Women working in the biomedical sciences generally submit fewer grant applications and, when funded, receive smaller grants than their male counterparts, researchers from the University of Leicester write at Nature. At the same time, women in the social sciences are funded at rates and amounts that closely resemble their male peers. This, they note, may hold lessons on how to achieve greater equality.

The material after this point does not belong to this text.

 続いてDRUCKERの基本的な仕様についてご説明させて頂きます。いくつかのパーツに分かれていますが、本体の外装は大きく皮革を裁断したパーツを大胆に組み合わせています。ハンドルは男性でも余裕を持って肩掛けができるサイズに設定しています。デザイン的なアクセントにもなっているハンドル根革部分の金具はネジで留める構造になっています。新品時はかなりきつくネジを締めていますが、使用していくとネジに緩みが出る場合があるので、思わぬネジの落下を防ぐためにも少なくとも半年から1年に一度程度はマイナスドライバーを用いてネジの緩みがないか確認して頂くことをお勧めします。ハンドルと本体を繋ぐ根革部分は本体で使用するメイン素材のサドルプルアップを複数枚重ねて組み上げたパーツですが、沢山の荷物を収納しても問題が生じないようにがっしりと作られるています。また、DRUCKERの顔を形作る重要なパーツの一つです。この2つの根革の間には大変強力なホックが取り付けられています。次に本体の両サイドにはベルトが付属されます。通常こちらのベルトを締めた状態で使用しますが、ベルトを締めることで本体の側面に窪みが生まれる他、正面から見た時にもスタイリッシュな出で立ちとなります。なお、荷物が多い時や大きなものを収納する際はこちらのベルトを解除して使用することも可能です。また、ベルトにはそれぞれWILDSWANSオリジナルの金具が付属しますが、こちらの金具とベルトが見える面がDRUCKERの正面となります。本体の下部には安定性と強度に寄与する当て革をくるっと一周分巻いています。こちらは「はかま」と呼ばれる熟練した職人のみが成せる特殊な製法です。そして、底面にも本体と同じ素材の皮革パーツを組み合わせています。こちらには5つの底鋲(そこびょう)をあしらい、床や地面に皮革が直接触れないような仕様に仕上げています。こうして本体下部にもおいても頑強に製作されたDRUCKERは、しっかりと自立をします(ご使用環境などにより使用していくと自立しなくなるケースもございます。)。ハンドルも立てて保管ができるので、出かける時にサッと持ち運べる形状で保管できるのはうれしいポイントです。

A team led by Leicester's Paul Boyle examined applications to the UK Economic and Social Research Council Research Grants open call program submitted between 2008 and 2013. From this, they found that though women were less likely to apply for grants than men, men and women were equally successful in being funded.

The median amount awarded, they note, didn't differ between men and women.

In the biomedical sciences, by contrast, Boyle and his team found greater differences. Based on data from the UK Medical Research Council and the Wellcome Trust, they report that women in biomedical fields were even less likely to submit grant applications and their awards were typically smaller than awards made to men.

"Whether these differences are a result of endemic discriminatory practices that discourage women from applying for awards — and for larger ones — in biomedical disciplines should be the focus of intense scrutiny," the researchers say at Nature.

They further suggest that the social sciences have benefitted from an earlier embrace of feminist research-management practices and awareness of the institutionalized male culture of universities "that may be taking longer to permeate" STEM fields.

Boyle and his team add that structural changes are needed within universities and funding agencies to reduce gender inequality.